Species of crustacean

Bathyporeia elegans is a species of amphipod crustacean in the genus Bathyporeia which occurs in the northeastern Atlantic Ocean. It is unpigmented, and grows up to 6 mm long.

==Description==
Bathyporeia elegans is a translucent, laterally-flattened sand-digger shrimp up to 6 mm long. The head bears two pairs of antennae, four pairs of feeding appendages and a pair of large red eyes. The basal segments of the first pair of antennae are rectangular with feather-like chaetae on the ventral surface; several smaller segments extend from the base forming a zigzag, and the antenna is tipped by a flagellum, with five to six segments in females and nine to eleven segments in males. The second pair of antennae have five segments and in females, are tipped by an eight to ten-segmented flagellum, and are twice as long as the first pair. In males, the second pair of antennae have filiform flagella which extend the whole length of the body.

==Distribution and habitat==
Bathyporeia elegans occurs in the north-eastern Atlantic Ocean, the Irish Sea, the North Sea and the English Channel. Its range extends from northern Norway along the European coast as far south as North Africa, Madeira and the Canary Islands.
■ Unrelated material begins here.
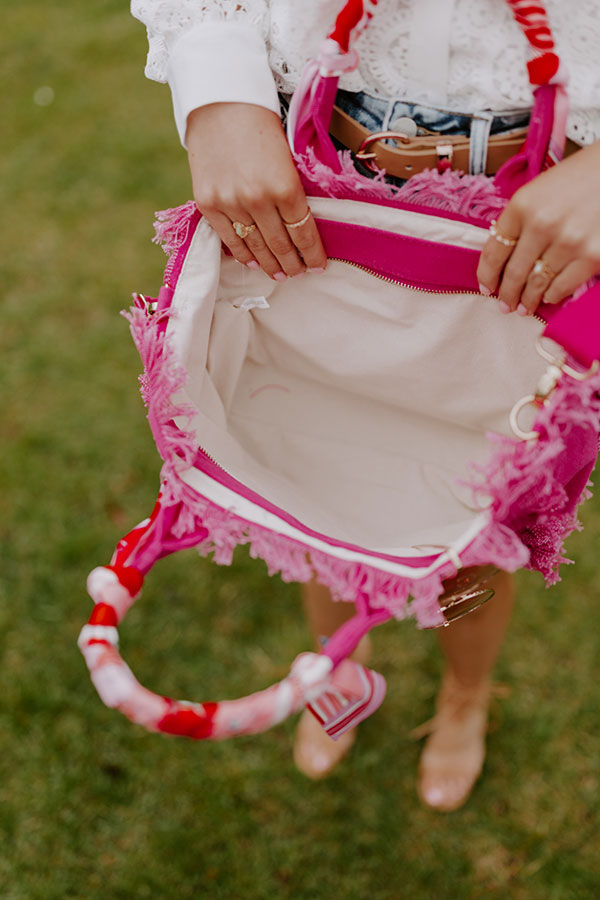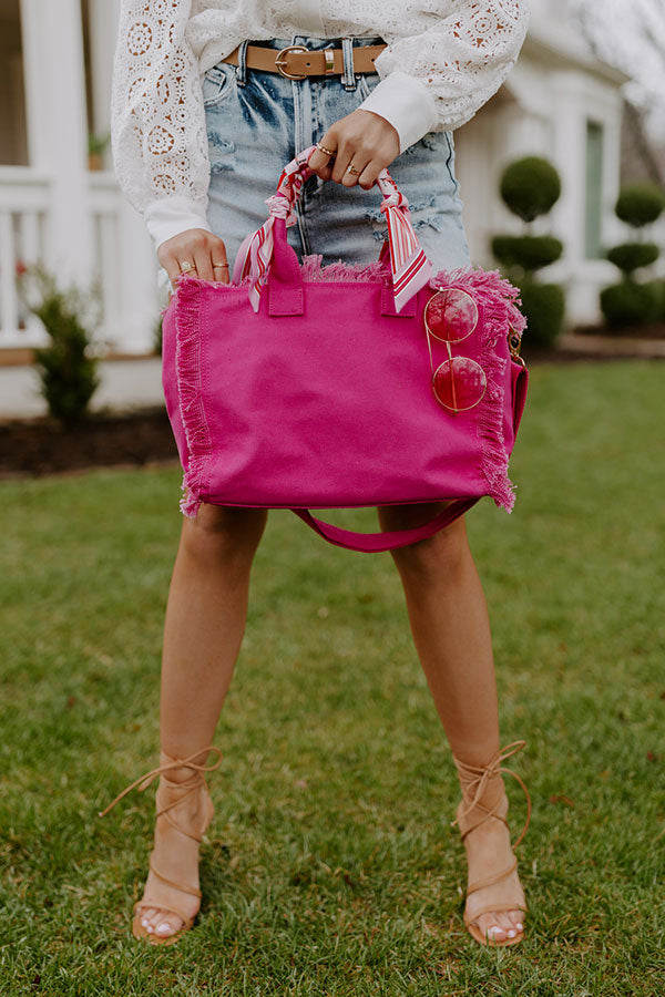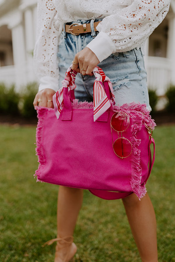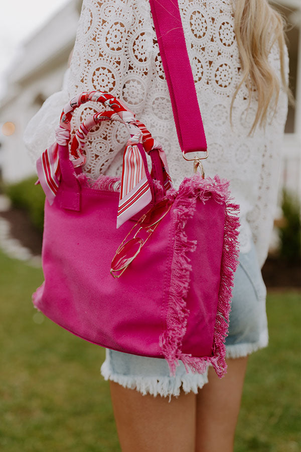 You won't find a more practical yet pretty bag than our hot pink 'Sailing Away' tote featuring durable canvas material with fringe detailing, two tote handles wrapped in scarves, a removable and adjustable shoulder strap, and a spacious fully lined interior with a zip closure!
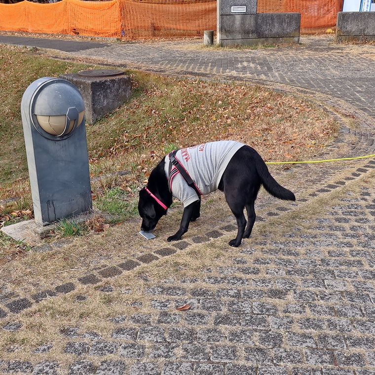 前回よりも、「Search」のコマンドで作業をスタートする意識と意欲は出てきているようです。前半のセッションは、誘惑刺激が少ない環境下でしたので、ピッキーちゃんの嗅覚能力を100%引き出した捜索が出来ていました。後半は、捜索エリアの中に誘惑刺激の多い場所が含まれることで、集中が出来ずに、誘惑刺激に大きな影響を受けることとなりました。現時点でのピッキーちゃんの動きや反応を読み取る事にハンドラーが自信を持てていませんので、本当に探しているのか?誘惑に影響をされているのか?の判断が出来ていないようです。この点を明確に読み取れるように誘惑に負けないハイドへの意欲の強化トレーニングを最後にリカバリートレーニングとして行いました。また、告知の静止姿勢の維持や、ハンドリングの際のリードの捌き方など、ハンドラースキルの向上を引き続き取り組んでいきましょう。

It is typically found in fine to medium-grain sand and muddy sand at depths between about 25 to 100 m.

==Ecology==
Animals with which this sand shrimp is often associated in the North Sea include the bivalve mollusc Abra prismatica and various polychaete worms. The brittlestar Amphiura filiformis and the cumacean crustacean Eudorellopsis deformis may also be present in the habitat.